The difference between a corn burning furnace and a corn burning stove is a blower. A corn stove radiates heat into the room it is in, the corn furnace is designed for Central Heating, it is designed to have the heat ducted from room to room. To this end, a corn furnace has a jacket surrounding the burning chamber and a blower which blows air over this exchanger. This air is then collected and mixed in a large sheet metal box, called a plenum, which is fabricated and installed on top of the furnace. Ducts are tapped into this box and the heated air is distributed to each room. However much air is distributed must also be brought back, this is called the return system.

The amount of air is determined by the size of the blower motor, the size of the ducts and the amount of BTU produced by the furnace. Designing a system for a corn burning furnace is the same as any fossil fuel system. A room by room heat loss, followed by a duct layout.

The benefits of a corn furnace over a corn stove, aside from complete distribution, are the accessories which can also be installed. The same accessories for any warm air type system can be used in the ducted corn burning system. This includes central air conditioning, high performance air filters, bypass humidifiers, electronic air cleaners, UV light air purifiers, etc. The secret to having this system function well is the determination of how many CFM, cubic feet per minute, of air will be flowing thru the ducts.

If the BTU input of the furnace is 100,000 BTU, and the output is 80,000 BTU, then a 1000 cfm would be a good CFM number to work with. This would allow for up to 2 ½ tons of air conditioning to be installed.

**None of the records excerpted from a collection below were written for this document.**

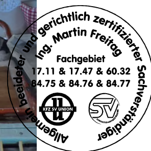
Fahrzeug Foto 46 von 48
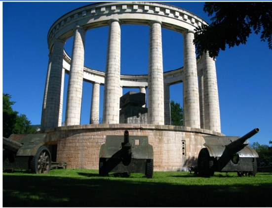
Mausoleo Cesare Battisti
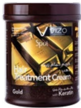
Gold Dull hair ذهب للشعر الباهت 1000 ml
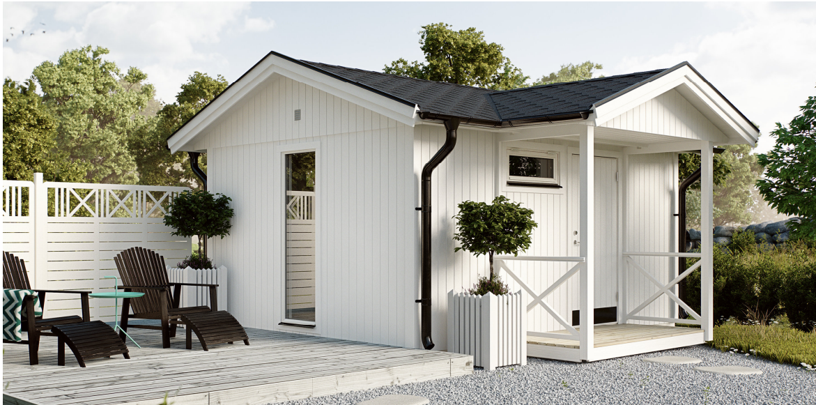
Friggeboden levereras obehandlad och kan vara extrautrustad

Rymlig friggebod med stor valfrihet. I grundsatsen ingår 14 stycken väggmoduler, som kan bytas ut mot valfritt antal fönster- och dörrmoduler och placeras var du vill.
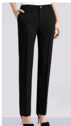
Ayollar uchun klassik chiziqlar

-oqlar tasvirga qo'shimcha yorqinroq va murakkablik baxsh etadi, ular chindan ham befarq bo'lmagan qattiq ofis materiali yaratish uchun ishlatilishi mumkin.
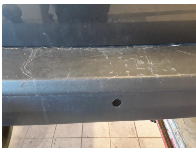
1.4 Noe riper på støtfanger bak.
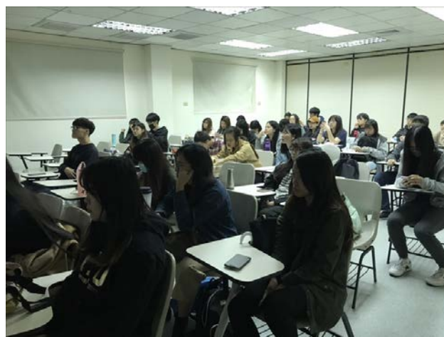
學生認真聽講，並記下上課內容
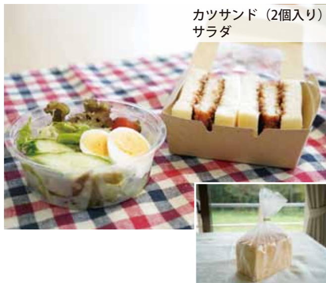
カツサンド (2個入り) サラダ
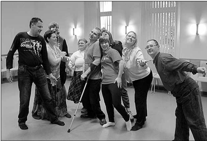
Radošā un pozitīvā atmosfērā top izrādes jauniestudējums.

Augustā Ikšķiles Brīvajā skolā notika neformālās izglītības apmācības jauniešiem „Jauna IE[SPEĻA]”.
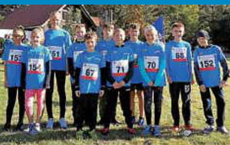
Realschule erfolgreich beim Fossiluslauf
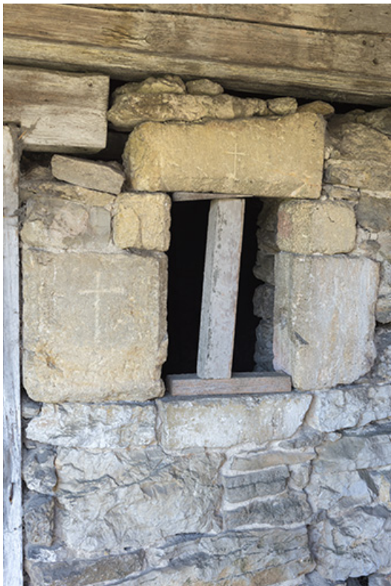
Façade nord : baie avec pierres gravées d'une croix. 25, Grand'Combe-Châteleu 3e ferme, lieudit : les Cordiers
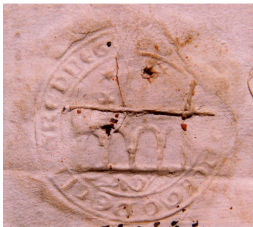
Figura 3. Sello utilizado por el Concejo de Cintruénigo, en 1549 19 .

no se cita explícitamente que su elemento principal sea un puente, no ha lugar a dudas, sentándose así el error que se ha perpetuado hasta nuestros días.
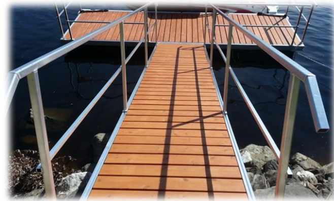
rampe en aluminium
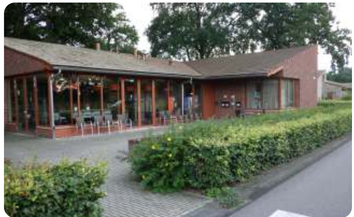
Theehuis bij Camillus open voor omwonenden, foto Huug Stam

Door mee te werken aan nieuwe ontwikkelingen, kan ik tegelijkertijd een vinger aan de pols houden.
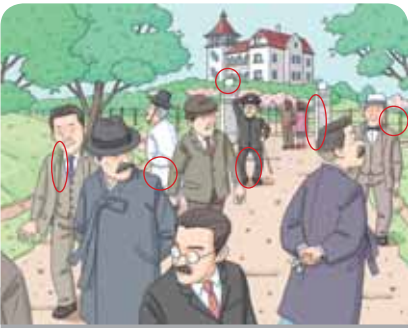
196호 숨은그림찾기 정답
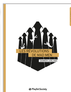
Les Révolutions de Mad Men

A good corn furnace has a hopper mounted alongside to automatically feed the fuel into the burn chamber. This hopper should be controlled by a thermostat, which raises or lower heat demands and correspondingly raises or lowers the amount of fuel fed into the burner.

Experience with wood furnaces has proven that cooling coils mounted on the supply or hot side of the ductwork, can be damaged by excessive heat should a power outage occur.

(A wood or corn fire keeps burning whereas a gas or oil furnace shuts off)

If frequent power outages occur in your area, it might be a good idea to install the air conditioning coil on the return side of the system.